Bank of America believes that since 2020, the dominance of tech giants represented by the “Big Seven” in the U.S. stock market faces “significant threats.” As midterm elections approach, investors are gradually shifting toward small- and mid-cap stocks.
Michael Hartnett, Chief Investment Strategist at Bank of America, stated that the large capital expenditures by U.S. tech giants on AI mean these companies “no longer have the best balance sheets or the capacity for the largest share buybacks.” The shift from a light-asset to a heavy-asset model poses a major threat to the market leadership of large tech firms since the 2020s.
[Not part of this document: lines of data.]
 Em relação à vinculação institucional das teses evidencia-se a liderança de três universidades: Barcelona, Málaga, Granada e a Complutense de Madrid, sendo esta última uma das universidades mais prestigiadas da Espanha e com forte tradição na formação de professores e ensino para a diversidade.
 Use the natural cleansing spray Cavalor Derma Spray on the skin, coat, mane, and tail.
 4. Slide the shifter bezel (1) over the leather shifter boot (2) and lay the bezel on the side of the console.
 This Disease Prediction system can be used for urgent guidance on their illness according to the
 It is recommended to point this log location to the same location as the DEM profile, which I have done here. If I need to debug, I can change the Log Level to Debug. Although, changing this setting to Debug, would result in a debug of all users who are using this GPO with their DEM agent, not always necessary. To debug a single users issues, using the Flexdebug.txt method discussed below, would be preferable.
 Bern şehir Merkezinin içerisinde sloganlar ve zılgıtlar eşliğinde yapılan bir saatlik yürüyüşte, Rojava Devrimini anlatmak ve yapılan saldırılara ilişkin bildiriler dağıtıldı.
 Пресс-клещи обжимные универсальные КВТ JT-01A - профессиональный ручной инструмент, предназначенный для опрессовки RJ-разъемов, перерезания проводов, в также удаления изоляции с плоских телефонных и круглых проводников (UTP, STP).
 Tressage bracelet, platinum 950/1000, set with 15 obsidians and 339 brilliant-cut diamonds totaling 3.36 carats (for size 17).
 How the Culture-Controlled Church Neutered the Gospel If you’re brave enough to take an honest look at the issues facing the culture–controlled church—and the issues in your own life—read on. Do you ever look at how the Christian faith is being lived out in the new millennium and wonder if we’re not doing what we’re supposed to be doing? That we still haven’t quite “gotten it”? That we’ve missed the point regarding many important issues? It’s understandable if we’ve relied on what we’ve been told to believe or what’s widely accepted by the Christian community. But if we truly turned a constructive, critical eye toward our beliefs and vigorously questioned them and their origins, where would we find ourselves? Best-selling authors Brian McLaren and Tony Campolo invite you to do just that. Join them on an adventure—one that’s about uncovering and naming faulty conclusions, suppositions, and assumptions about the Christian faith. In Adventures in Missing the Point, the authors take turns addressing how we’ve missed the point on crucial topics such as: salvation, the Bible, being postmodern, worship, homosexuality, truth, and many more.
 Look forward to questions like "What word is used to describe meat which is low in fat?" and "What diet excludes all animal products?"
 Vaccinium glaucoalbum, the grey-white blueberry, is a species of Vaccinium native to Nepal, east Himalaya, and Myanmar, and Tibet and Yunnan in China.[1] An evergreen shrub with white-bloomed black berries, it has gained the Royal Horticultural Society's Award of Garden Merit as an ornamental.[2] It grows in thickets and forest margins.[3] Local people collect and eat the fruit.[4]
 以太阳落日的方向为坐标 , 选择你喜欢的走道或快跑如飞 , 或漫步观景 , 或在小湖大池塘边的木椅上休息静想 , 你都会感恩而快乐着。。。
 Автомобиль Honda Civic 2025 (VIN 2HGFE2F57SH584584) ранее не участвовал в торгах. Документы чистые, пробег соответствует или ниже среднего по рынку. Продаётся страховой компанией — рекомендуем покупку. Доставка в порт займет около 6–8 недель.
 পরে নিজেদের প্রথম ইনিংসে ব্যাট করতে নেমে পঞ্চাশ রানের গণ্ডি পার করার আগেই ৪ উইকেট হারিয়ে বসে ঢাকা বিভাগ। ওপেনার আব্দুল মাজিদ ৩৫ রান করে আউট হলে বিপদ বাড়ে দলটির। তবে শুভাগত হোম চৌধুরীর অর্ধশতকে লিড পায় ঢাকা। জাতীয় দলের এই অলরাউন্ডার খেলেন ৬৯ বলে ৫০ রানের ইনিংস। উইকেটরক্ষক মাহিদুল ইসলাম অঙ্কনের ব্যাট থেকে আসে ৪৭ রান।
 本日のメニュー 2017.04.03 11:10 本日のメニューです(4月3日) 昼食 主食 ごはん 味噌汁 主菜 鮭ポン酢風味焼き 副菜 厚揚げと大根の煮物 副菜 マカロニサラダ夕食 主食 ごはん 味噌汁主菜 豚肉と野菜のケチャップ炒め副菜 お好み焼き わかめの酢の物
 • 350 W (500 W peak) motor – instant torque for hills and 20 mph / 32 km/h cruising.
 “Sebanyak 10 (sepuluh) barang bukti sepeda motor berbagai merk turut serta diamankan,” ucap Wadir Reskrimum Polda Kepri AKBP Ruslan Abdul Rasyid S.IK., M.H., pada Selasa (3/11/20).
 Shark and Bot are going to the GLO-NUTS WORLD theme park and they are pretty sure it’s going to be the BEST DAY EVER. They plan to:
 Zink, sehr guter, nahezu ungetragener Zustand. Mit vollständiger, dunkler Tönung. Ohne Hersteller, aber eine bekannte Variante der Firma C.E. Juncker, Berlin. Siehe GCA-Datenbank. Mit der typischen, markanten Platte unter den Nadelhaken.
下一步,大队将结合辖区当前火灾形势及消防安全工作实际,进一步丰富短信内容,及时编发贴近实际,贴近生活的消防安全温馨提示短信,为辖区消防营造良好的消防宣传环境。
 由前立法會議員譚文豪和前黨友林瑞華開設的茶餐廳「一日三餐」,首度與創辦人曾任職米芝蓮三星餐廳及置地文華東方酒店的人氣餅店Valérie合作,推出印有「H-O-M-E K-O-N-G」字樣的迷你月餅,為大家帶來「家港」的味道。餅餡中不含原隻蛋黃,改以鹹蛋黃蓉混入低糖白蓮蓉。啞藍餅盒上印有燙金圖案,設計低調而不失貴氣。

However, many analysts remain optimistic about the future. Morgan Stanley’s Chief U.S. Equity Strategist Michael Wilson believes that, supported by the AI boom, the revenue outlook for the tech industry remains strong, and U.S. tech stocks have room for further gains. After recent market volatility, valuations for tech stocks have declined. Meanwhile, the sharp drop in software stocks has created “attractive buying opportunities” for stocks like Microsoft and Intuit.
Looking ahead, Wilson notes that the fundamental factors supporting AI-enabled sectors remain positive, and the investment value of AI-related stocks is still undervalued. Companies applying AI to their core businesses, rather than those merely developing technology and infrastructure, have more opportunities.